ON DELETE SET DEFAULT: SQL Server sets the rows in the child table to their default values if the corresponding rows in the parent table are deleted. To execute this action, the foreign key columns must have default definitions. Note that a nullable column has a default value of NULL if no default value specified.
By default, SQL Server appliesON DELETE NO ACTION if you don’t explicitly specify any action.
Update action of rows in the parent table
If you update one or more rows in the parent table, you can set one of the following actions:
ON UPDATE NO ACTION: SQL Server raises an error and rolls back the update action on the row in the parent table.
ON UPDATE CASCADE: SQL Server updates the corresponding rows in the child table when the rows in the parent table are updated.
ON UPDATE SET NULL: SQL Server sets the rows in the child table to NULL when the corresponding row in the parent table is updated. Note that the foreign key columns must be nullable for this action to execute.
ON UPDATE SET DEFAULT: SQL Server sets the default values for the rows in the child table that have the corresponding rows in the parent table updated.
FOREIGN KEY (foreign_key_columns)
REFERENCES parent_table(parent_key_columns)
ON UPDATE <action>
ON DELETE <action>;
See the reference tutorial.
It's an excellent question, I had the same question yesterday. I thought about this problem, specifically SEARCHED if existed something like "ON UPDATE CASCADE" and fortunately the designers of SQL had also thought about that. I agree with Ted.strauss, and I also commented Noran's case.
When did I use it? Like Ted pointed out, when you are treating several databases at one time, and the modification in one of them, in one table, has any kind of reproduction in what Ted calls "satellite database", can't be kept with the very original ID, and for any reason you have to create a new one, in case you can't update the data on the old one (for example due to permissions, or in case you are searching for fastness in a case that is so ephemeral that doesn't deserve the absolute and utter respect for the total rules of normalization, simply because will be a very short-lived utility)
So, I agree in two points:
(A.) Yes, in many times a better design can avoid it; BUT
(B.) In cases of migrations, replicating databases, or solving emergencies, it's a GREAT TOOL that fortunately was there when I went to search if it existed.
My comment is mainly in reference to point #3: under what circumstances is ON UPDATE CASCADE applicable if we're assuming that the parent key is not updateable? Here is one case.

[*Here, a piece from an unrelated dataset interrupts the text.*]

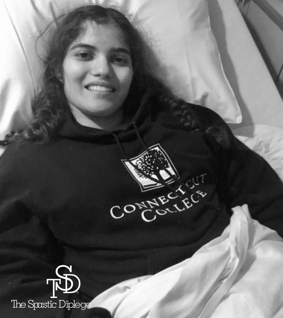 By 9am, my physical therapist, the same one who had done my pre-SDR PT eval, entered the room. When I first met her the day before my surgery, the trust appeared immediately and we got along extremely well. So in other words, I was happy to see her. Luckily, my loved ones were already in the room with me. I say luckily because this was my big moment: after three days of bedrest, it was time to get me out of bed and into my wheelchair. Fortunately, this also meant I could finally get out of that hospital gown and into my own set of comfortable, comforting clothes. “I can wear my own clothes!” I rejoiced.
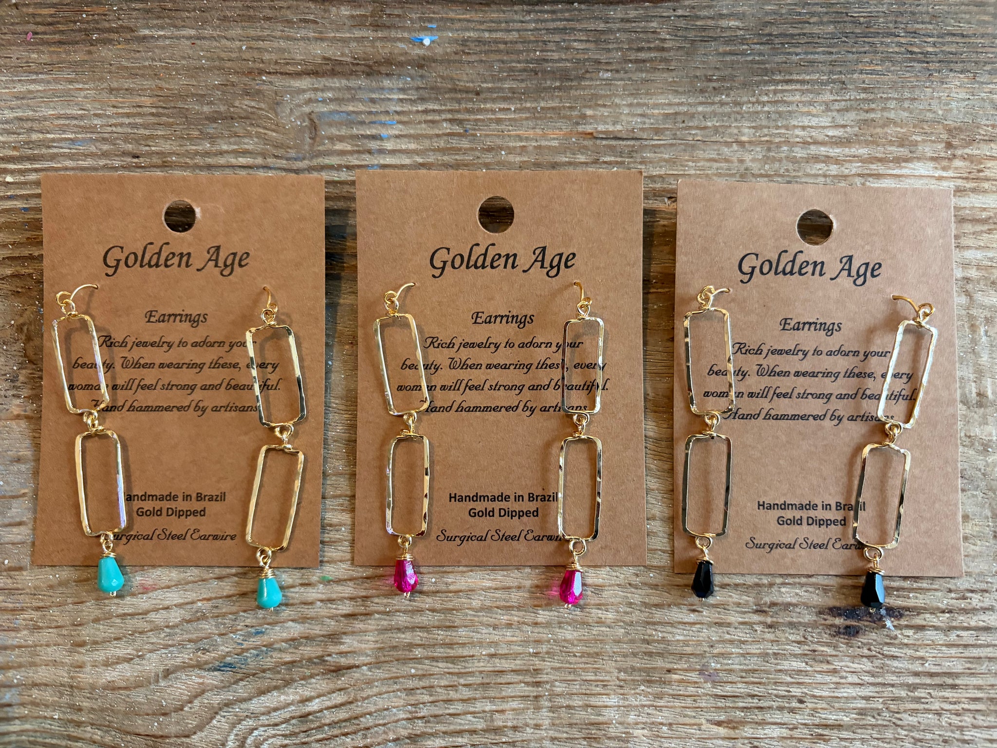 GOLDEN AGE Gold Double Rectangle w/ Bead Earrings

I am dealing with a replication scenario in which multiple satellite databases need to be merged with a master. Each satellite is generating data on the same tables, so merging of the tables to the master leads to violations of the uniqueness constraint. I'm trying to use ON UPDATE CASCADE as part of a solution in which I re-increment the keys during each merge. ON UPDATE CASCADE should simplify this process by automating part of the process.

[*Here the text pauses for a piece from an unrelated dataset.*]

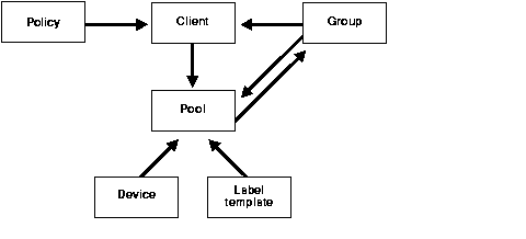 Figure 2-1 shows the dependencies between the LSM resources. The resources with outgoing arrows are both independent resources themselves and attributes of the resources where the arrows end.
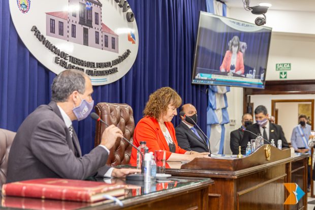 Ushuaia 01/03/2022.- Hoy se llevo a cabo el Acto Inaugural del 39° Periodo de Sesiones ordinarias de la Legislatura Provincial, donde el Gobernador Gustavo Melella brindo su discurso haciendo un repaso de la realizado hasta ahora. El mismo estuvo acompañado por los 15 parlamentarios, el Secretario de Gobierno de la Municipalidad de Rio Grande, Dr. Gaston Díaz, el Intendente de Tolhuín, Daniel Harrington, El secretario de Gobierno de la Municipalidad de Ushuaia, Omar Becerra, miembros del poder Judicial, Fuerzas de Seguridad, nacionales y provinciales, dirigentes gremiales y publico en general. El acto comenzó pasadas las 9 de la mañana de este martes.

To add to other great answers here it is important to use ON UPDATE CASCADE (or on DELETE CASCADE...) cautiously. Operations on tables with this specification require exclusive lock on underlaying relations.
If you have multiple CASCADE definitions in one table (as in other answer), and especially multiple tables using same definitions, and multiple users updating, this can create a deadlock when one process acquires exclusive lock on first underlaying table, other exclusive lock on second, and they block out each other by none of them being able to get both (all) exclusive locks to perform operation.